Exercise objective
The output is the line containing "(แนะนำว่าถ้าใครมาช่วงกลางวัน ควรพกร่ม หรือน้ำดื่มมาด้วยนะ)" plus every later line down to the end of the listing below, copied exactly. No pictures belong in it.

Recorded information
######

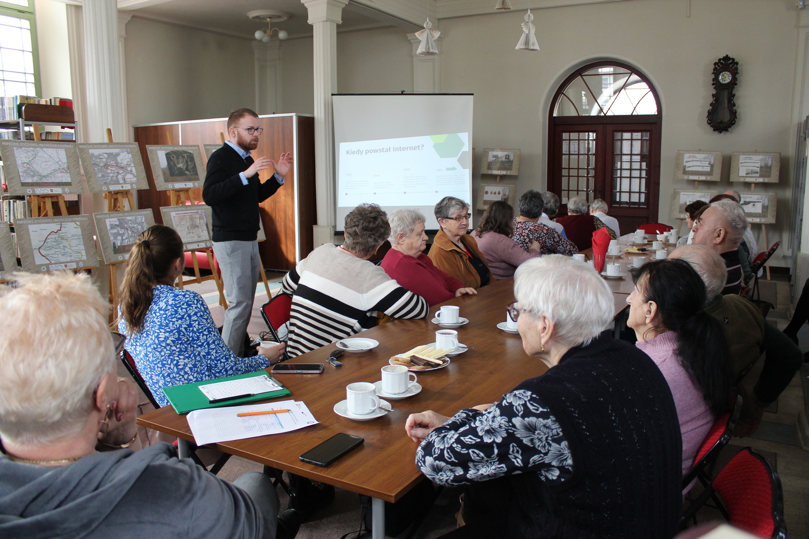 Seniorzy dowiedzieli się czym w ogóle jest Internet, kiedy powstał i do czego służył pierwotnie. Poznali zalety tej globalnej sieci, czyli: szybka i wygodna komunikacja, zdobywanie informacji, nauka online, praca zdalna, zakupy internetowe, dostęp do portali społecznościowych, słuchanie muzyki i oglądanie filmów online oraz wszelka e-administracja. Oprócz pozytywów, uczestnicy wykładu rozmawiali też o zagrożeniach jakie może nieść ze sobą korzystanie z Internetu, a są to: zagubienie relacji międzyludzkich, uzależnienie, oglądanie zachowań agresywnych, możliwość bycia prześladowanym, dolegliwości fizyczne spowodowane długotrwałym użytkowaniem oraz kradzież danych osobowych. Pan Jakub Eltman poinformował słuchaczy o tym, że aby być bezpiecznym w sieci należy tworzyć silne hasła dostępu, korzystać z zaufanych stron, nie klikać w nieznane linki i zachować ostrożność przy pobieraniu plików.
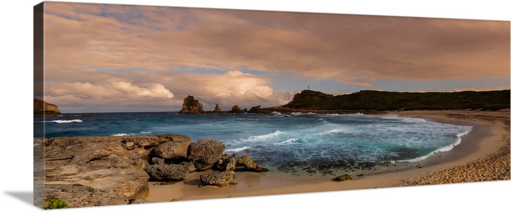 <p>Sandy beach and peninsula at Grande-Terre with the Grand-Croix in the distance at the tip of Pointe des Chateaux, Guadeloupe, French West Indies</p>
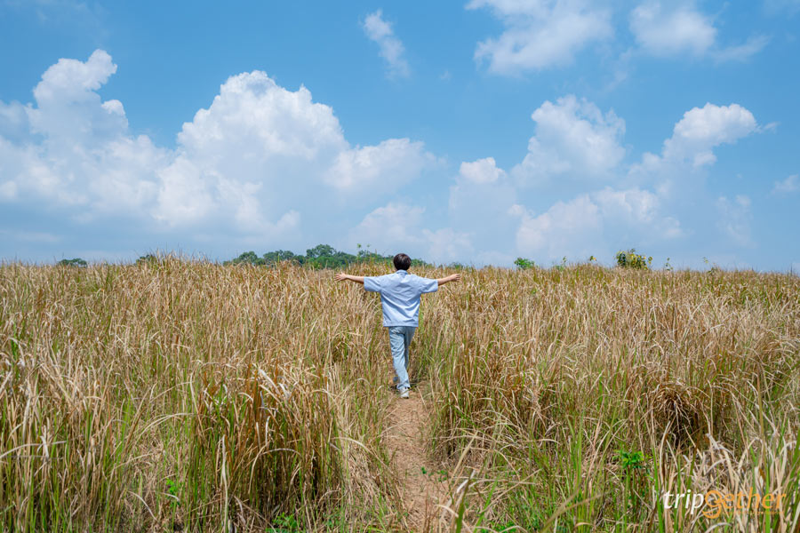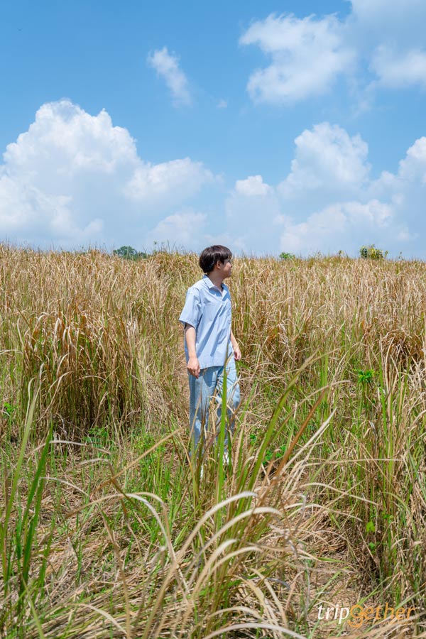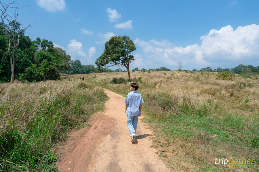 ระหว่างทางสามารถแวะเข้าไปถ่ายรูปน่ารักๆ กลางทุ่งหญ้าได้อีกด้วย โดยเกือบตลอดทั้งเส้นทางจะมีทุ่งหญ้าให้ได้ชมกันแบบเพลินๆ ถึงแดดจะร้อน แต่ลมที่พัดมาจากป่าและภูเขา เย็นสบายมากๆ (แนะนำว่าถ้าใครมาช่วงกลางวัน ควรพกร่ม หรือน้ำดื่มมาด้วยนะ)
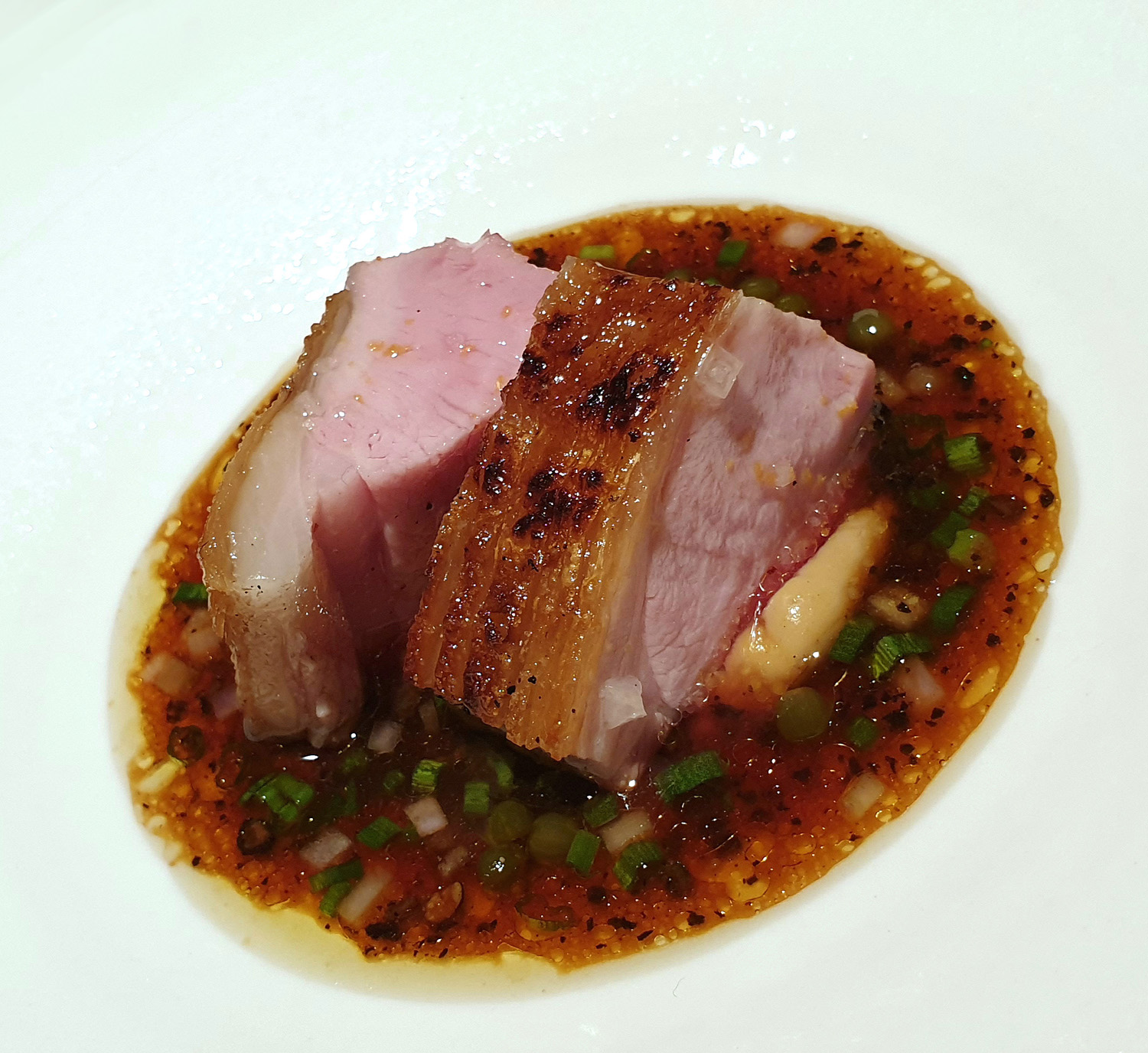 Autumn Lamb , Roasted Pine Nut “peaso” , fermented Kampot Pepper and Strawberry Vierge.

######

Answer space
 ระหว่างทางสามารถแวะเข้าไปถ่ายรูปน่ารักๆ กลางทุ่งหญ้าได้อีกด้วย โดยเกือบตลอดทั้งเส้นทางจะมีทุ่งหญ้าให้ได้ชมกันแบบเพลินๆ ถึงแดดจะร้อน แต่ลมที่พัดมาจากป่าและภูเขา เย็นสบายมากๆ (แนะนำว่าถ้าใครมาช่วงกลางวัน ควรพกร่ม หรือน้ำดื่มมาด้วยนะ)
 Autumn Lamb , Roasted Pine Nut “peaso” , fermented Kampot Pepper and Strawberry Vierge.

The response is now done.